TrueTears · « **Reply #1 on:** January 21, 2010, 11:11:25 pm »

This question requires a bit of ingenuity.

$\frac{\sqrt{2}}{2}\sin(x) + \frac{\sqrt{2}}{2}\cos(x) = \frac{\sqrt{2}}{2}$

$\sin\left(\frac{\pi}{4}\right)\sin(x) + \cos\left(\frac{\pi}{4}\right)\cos(x) = \frac{\sqrt{2}}{2}$

Remind you of any compound angle formulas?

You could have squared both sides and simplify etc, but I like wishful thinking more.

moekamo · « **Reply #2 on:** January 21, 2010, 11:13:43 pm »

square both sides:

$\sin^2x+2\sin x\cos x+cos^2x=1$

so $2\sin x\cos x = 0$ since $\sin^2x+cos^2x=1$

therefore:

$\sin x=0$ or $\cos x=0$

you can do the rest

cipherpol · « **Reply #3 on:** January 21, 2010, 11:14:45 pm »

T.T, I tried squaring both sides and ended up with $\sin 2x=0$ , which gave the wrong solutions.

TrueTears · « **Reply #4 on:** January 21, 2010, 11:14:55 pm »

Quote from: moekamo on January 21, 2010, 11:13:43 pm

square both sides:

$\sin^2x+2\sin x\cos x+cos^2x=1$

so $2\sin x\cos x = 0$ since $\sin^2x+cos^2x=1$

therefore:

$\sin x=0$ or $\cos x=0$

you can do the rest

There is only one problem with squaring, it produces redundant solutions. Which is why avoid it if you can, try other ways.

SO DON'T FORGET TO SUB IN VALUES AT THE END TO CHECK VALIDITY!!!

cipherpol · « **Reply #5 on:** January 22, 2010, 12:31:24 am »

Thanks TT, worked perfectly

Next question;

for b.) would I use a formula like $\sin (\frac{\pi}{2}-x)=\cos x$ ?

TrueTears · « **Reply #6 on:** January 22, 2010, 12:36:34 am »

cipherpol · « **Reply #7 on:** January 22, 2010, 01:25:34 am »

xD, reason I kept getting that last question wrong was cause I was subbing in values from previous answer :uglystupid2:

Last question before moving onto complex numbers!

TrueTears · « **Reply #8 on:** January 22, 2010, 01:35:39 am »
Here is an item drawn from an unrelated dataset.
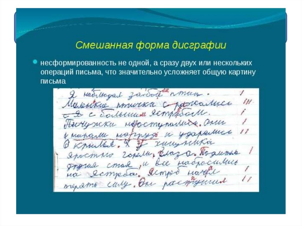 Смешанная форма дисграфии- это несформированность не одной, а сразу двух или

Let $r$ be radius of circle.

$r\tan(\theta) = BX$

$2 \cdot \frac{1}{2} \cdot r \cdot r\tan(\theta) = r^2\tan(\theta)$

$\frac{1}{2}r^2(2\pi - 2\theta) = r^2(\pi - \theta)$

$\tan(\theta) = (\pi - \theta)$

cipherpol · « **Reply #9 on:** January 28, 2010, 03:44:30 pm »

For the next question, so far:

$z=x+yi$

$\frac{1}{z}=\frac{x-yi}{x^2 +y^2}$

How do I prove they're collinear?

Thanks.

TrueTears · « **Reply #10 on:** January 28, 2010, 03:47:46 pm »

I think it's $\frac{x+yi}{x^2+y^2}$

cipherpol · « **Reply #11 on:** January 28, 2010, 03:50:54 pm »

Don't you multiply $\frac{1}{z}$ by the conjugate of $z$ ?

TrueTears · « **Reply #12 on:** January 28, 2010, 03:53:30 pm »

It's 1 over the conjugate of z

cipherpol · « **Reply #13 on:** January 28, 2010, 03:53:51 pm »

omfg, can't believe i didn't see that.

cipherpol · « **Reply #14 on:** January 29, 2010, 01:46:12 am »

Differentiate $\sin ^{-1} (\frac{3x+1}{2})$

Answer says $\frac{6}{\sqrt{-3(3x^2+2x-1)}}$ , but I dunno how to get the 6 on top.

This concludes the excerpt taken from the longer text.